*TASK TO CARRY OUT*: Begin at the top of the records below and print each line exactly until the line containing "2023年8月1日,杭州的一" has been printed; any pictures are to be left out.

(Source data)

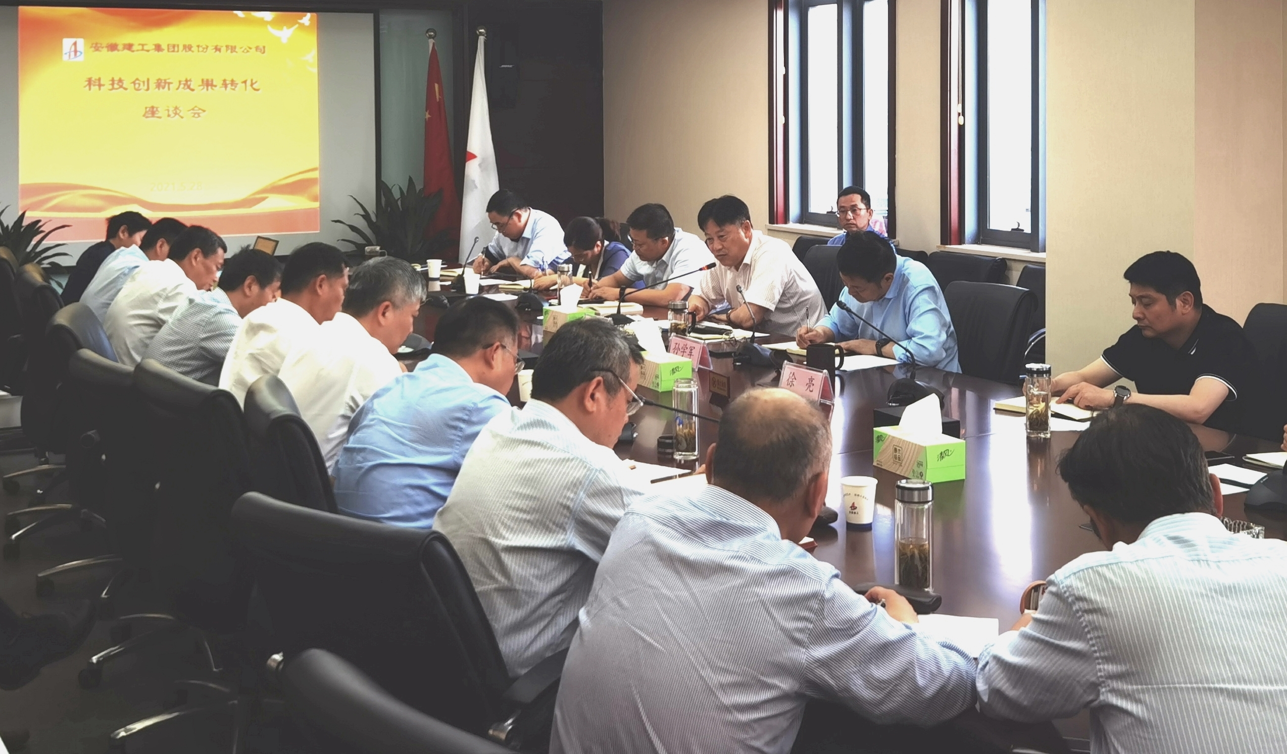5月28日,股份公司在合肥召開科技創(chuàng)新成果轉(zhuǎn)化座談會(huì)。建工控股黨委委員、股份公司總經(jīng)理許克順參加會(huì)議并講話,會(huì)議由股份公司黨委副書記、董事、副總經(jīng)理孫學(xué)軍主持,股份公司財(cái)務(wù)總監(jiān)徐亮出席。
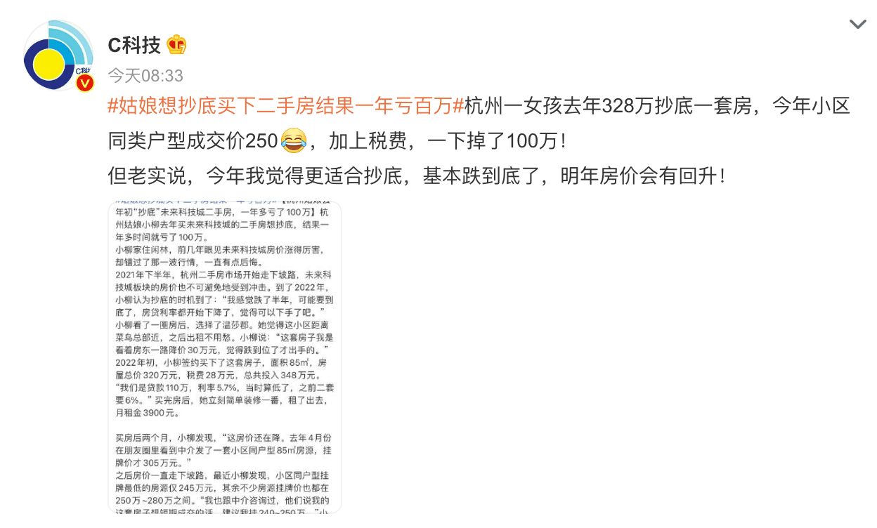 2023年8月1日,杭州的一名女子在社交平台上分享了自己买房的经历,引起了众多网友的关注。她去年在未来科技城板块买了一套二手房,本以为是在市场低谷时买入,却在一年多的时间里亏了100万元人民币。
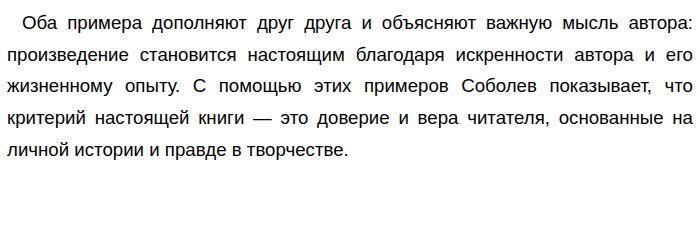 Раскрывая проблему, Андрей Николаевич Соболев обращает внимание читателя на значимость искренности и правдивости в литературе. Он подчёркивает, что доверие к автору — важнее художественных приёмов и красок. Так, он приводит примеры выдающихся личностей — Маяковского, Высоцкого, Визбора, Солженицына и Шаламова — чьи жизненные испытания и поступки усиливали силу их произведений. Например, он отмечает, что «Знаменитое ‘Не верю!’ Станиславского проникает сейчас во все жанры и виды искусства», показывая, что ложь сразу выявляется на страницах книг, требующих доверия читателя. По моему мнению, этот пример говорит о том, что настоящая литература должна быть основана на правде и глубоком личном опыте автора. Для того чтобы читатель понял взгляд автора, писатель подчёркивает, что биография, как её понимали раньше, оживляла образ автора и увеличивала доверие к нему. В предложении 27 он называет конкретных авторов, чьи тексты становились убедительными аргументами в спорах и им верили. Автор уверен, что настоящая литература — это голос жизни, подтверждённый личной историей. ![]()
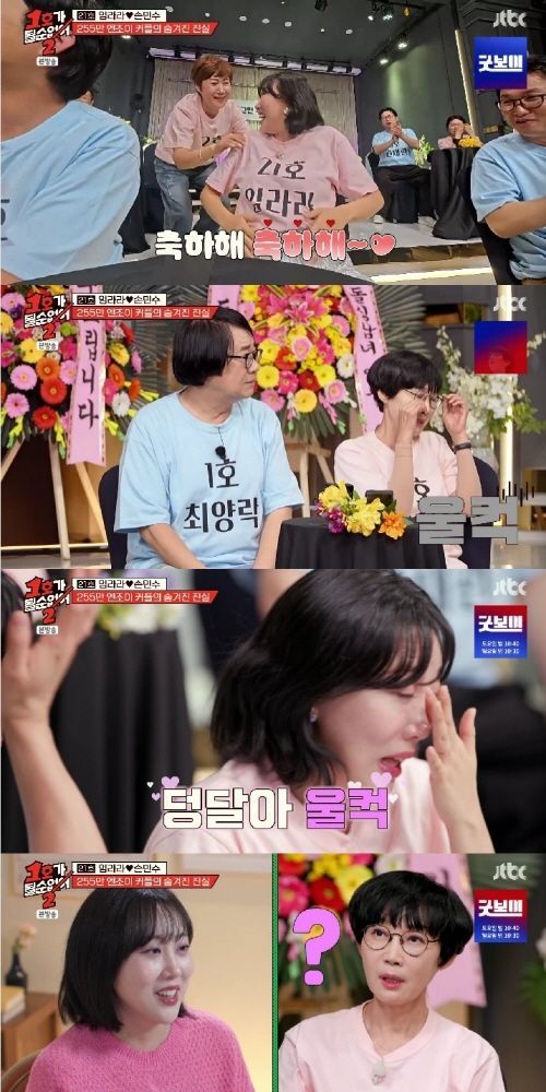 손민수는 "저번주에 양락 선배님이 결혼사진 보고 라라에게 왜 관리를 안 했냐'라고 말했다"며 눈물을 흘렸다. 최양락은 또 사과를 건넸다.
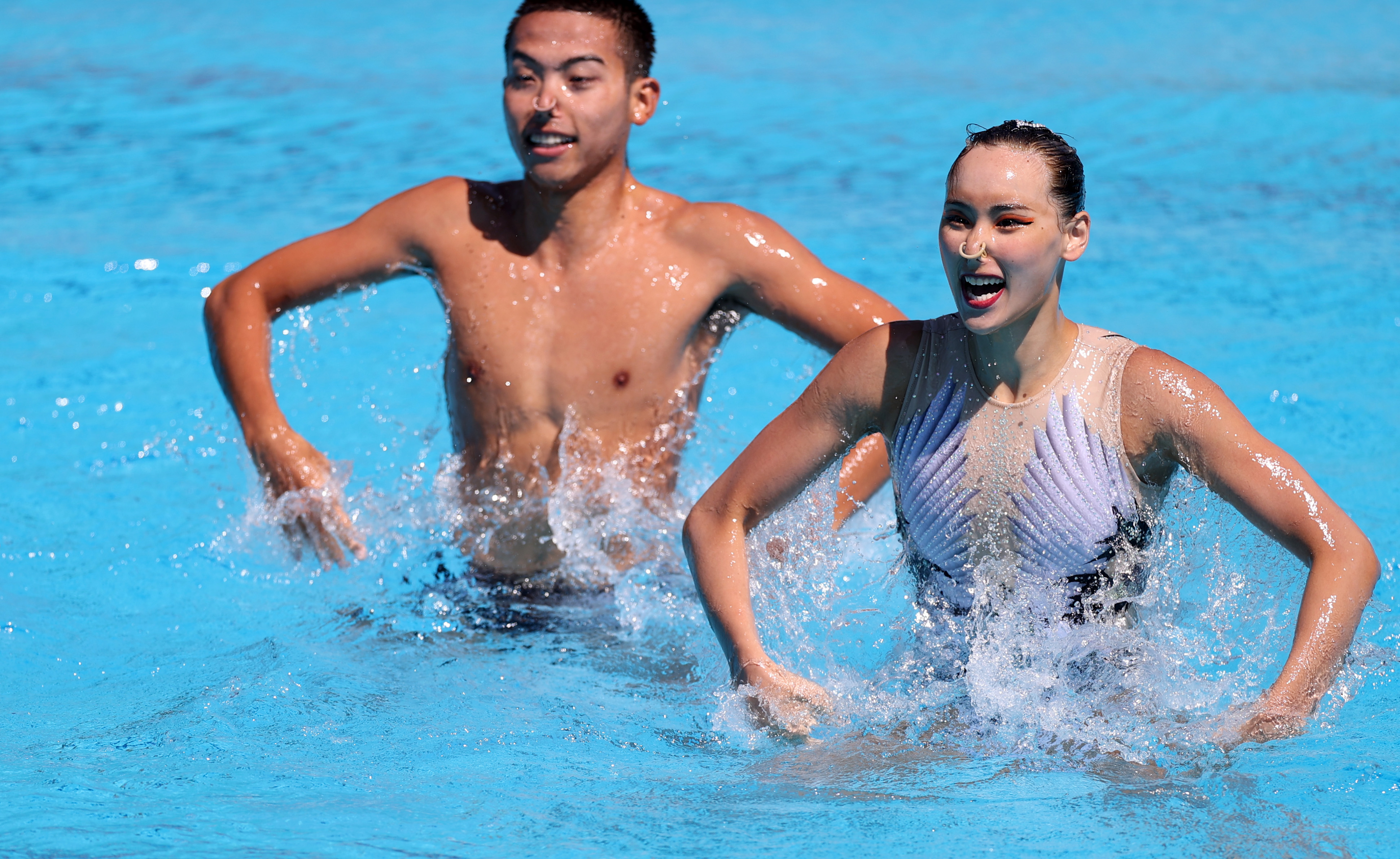 2022年6月25日,石浩玙(左)/张依瑶在2022年世界游泳锦标赛花样游泳混双自由自选决赛中。新华社记者李颖摄

*OUTPUT OF THE TASK*:
5月28日,股份公司在合肥召開科技創(chuàng)新成果轉(zhuǎn)化座談會(huì)。建工控股黨委委員、股份公司總經(jīng)理許克順參加會(huì)議并講話,會(huì)議由股份公司黨委副書記、董事、副總經(jīng)理孫學(xué)軍主持,股份公司財(cái)務(wù)總監(jiān)徐亮出席。
 2023年8月1日,杭州的一名女子在社交平台上分享了自己买房的经历,引起了众多网友的关注。她去年在未来科技城板块买了一套二手房,本以为是在市场低谷时买入,却在一年多的时间里亏了100万元人民币。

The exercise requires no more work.